Marketing, interactive GAs, and the company that broke my heart
Over a number of years, I've followed research in iGAs and some time ago, I started to collect information about market research and product development with the idea of founding a company to do just that using interactive GA technology. My dreams of a great startup were dashed one semester when during my genetic algorithms course, some students researching their class project uncovered a company that was already vigorously pursuing interactive GAs in marketing applications. That company, Affinova, has married iGAs and practical market research and product development notions to create a unique line of products and services. Subsequently I met company executive Rob Frasca in another context, and got the chance to tell him how Affinova was the company that broke my entrepreneurial heart. For those interested in a nice case study of marrying GAs and business read the Affinova white paper here.
Tuesday, January 25, 2005
Growth in market for GAs
With IDC predicting compounded growth of 8% per year in the predictive analytics market, perhaps now is the time for some of us to become more entrepreneurial like GA/EC-based companies such as Engineous Software, Machine Insight, NuTech Solutions, and Schema.IDC defines predictive analytics software to “include all analytics, both tools and packaged applications, more complex in their mathematics than core analytics.”

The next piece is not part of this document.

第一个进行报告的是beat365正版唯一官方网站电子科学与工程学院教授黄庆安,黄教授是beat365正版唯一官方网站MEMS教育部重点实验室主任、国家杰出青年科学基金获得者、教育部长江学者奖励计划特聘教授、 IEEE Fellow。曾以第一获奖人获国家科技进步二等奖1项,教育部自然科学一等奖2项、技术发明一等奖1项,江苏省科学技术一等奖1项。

“Predictive analytics are used to determine the probable future outcome of an event or the likelihood of a current state where it is unknown,” the study continues. “These analytics include data mining, clustering, decision trees, market basket analysis, regression modeling, neural nets, genetic algorithms, text mining, hypothesis testing, decision analytics, and so
on.”
Monday, January 24, 2005
Welcome
Starting today, past and present IlliGAL lab members and affiliates will team up to blog on genetic algorithms, evolutionary computation, and related subjects. In the last American election cycle, blogging grew as a force to rival the mainstream media. In less well followed topics, blogging is growing at astonishing rates, and we hope that IlliGAL Blogging will become a resource and focal point for intelligent discourse in the growing community of genetic and evolutionary computation (GEC).
So let the blogging begin. As with other blogs, reader commentary strongly shapes the agenda, so join us with your comments, or join us with your own GEC-related blog, but join us.